# [C++] String aus WebSeite auslesen.



## Golumserbe (18. November 2010)

Ich möchte wenn eine Web Seite z.b. blablab.de/check/gr.php die Zahl 54 hat, dass dann ein Prozess weiter läuft und wenn meine Zahl 55 ist das dann eine Message Box aufkommt und einen Nachricht anzeigt.

Beispiel:



> gr.php
> 
> 54




```
C++

if(String==54)
{
//blabalbal
}

if(String==55)
{
//blabalbal
}
```

Ich habe keine Ahnung wie ich anfangen könnte und meine Fähigkeiten sind leider nur begrenzt weil ich C++ seit 3/4 Jahr angefangen habe zu lernen.

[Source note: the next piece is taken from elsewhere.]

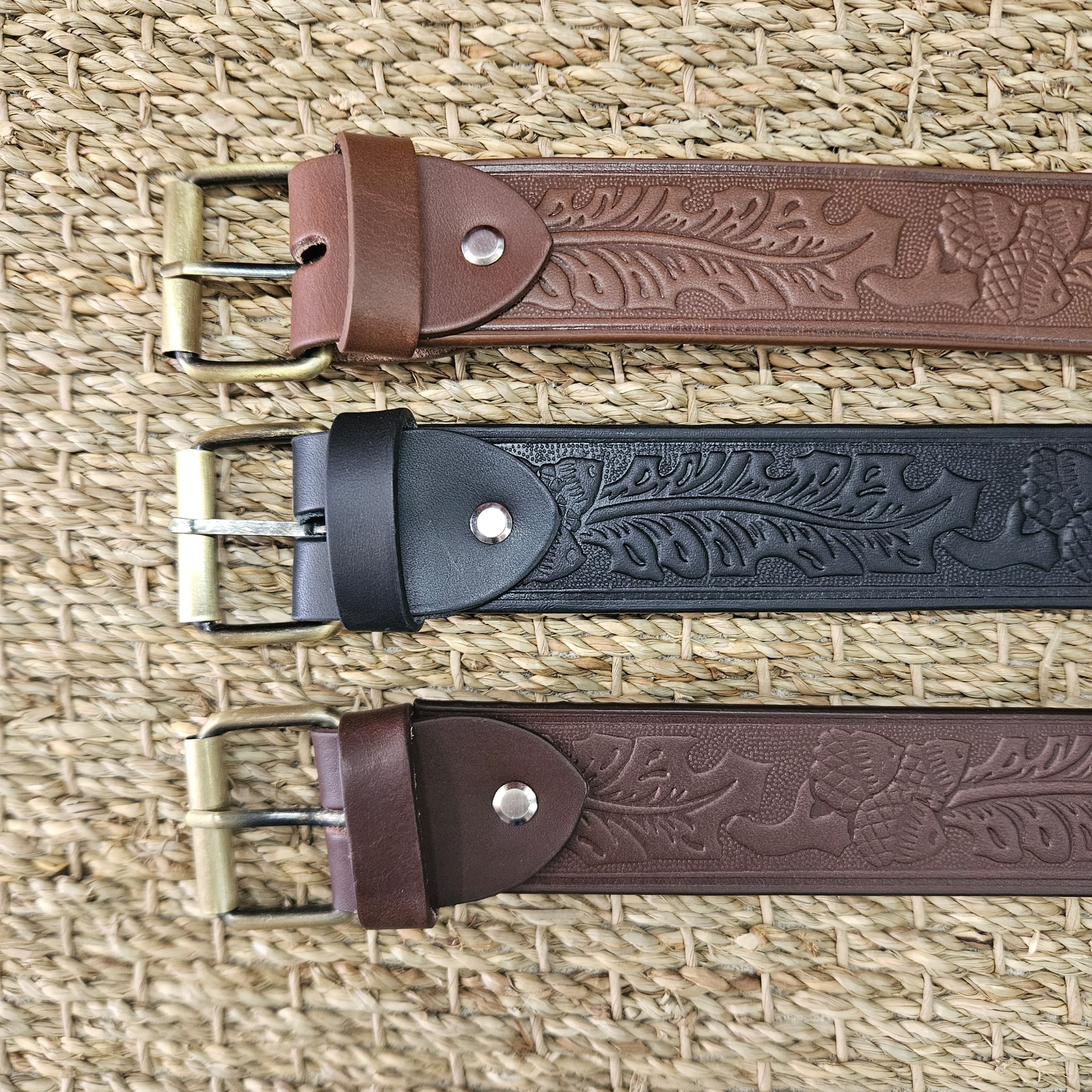 Le ceinturon de 3 mm d’épaisseur en croupon ( partie la plus noble de la peau ) cuir de taureau est de 4 cm de large , il convient à tous les passants de pantalon et mesure environ 120 cm. Vous l’adaptez à votre tour de taille, il vous suffit de vous munir d’un cutter et d’un appareil à faire les trous ( ou d’un clou et un marteau ).

Ich arbeite in einem Win32 Projekt .dll.

Wäre nett wenn mir einer helfen könnte.


----------



## vfl_freak (18. November 2010)

Moin,



Golumserbe hat gesagt.:


> Ich möchte wenn eine Web Seite z.b. blablab.de/check/gr.php die Zahl 54 hat, dass dann ein Prozess weiter läuft und wenn meine Zahl 55 ist das dann eine Message Box aufkommt und einen Nachricht anzeigt.
> 
> Beispiel:
> 
> ...



hmm, das habe ich jetzt *nicht wirklich* verstanden ...

Hast Du nun eine Zahl (int?) mit dem Wert 54 oder wirklich einen String ("54") 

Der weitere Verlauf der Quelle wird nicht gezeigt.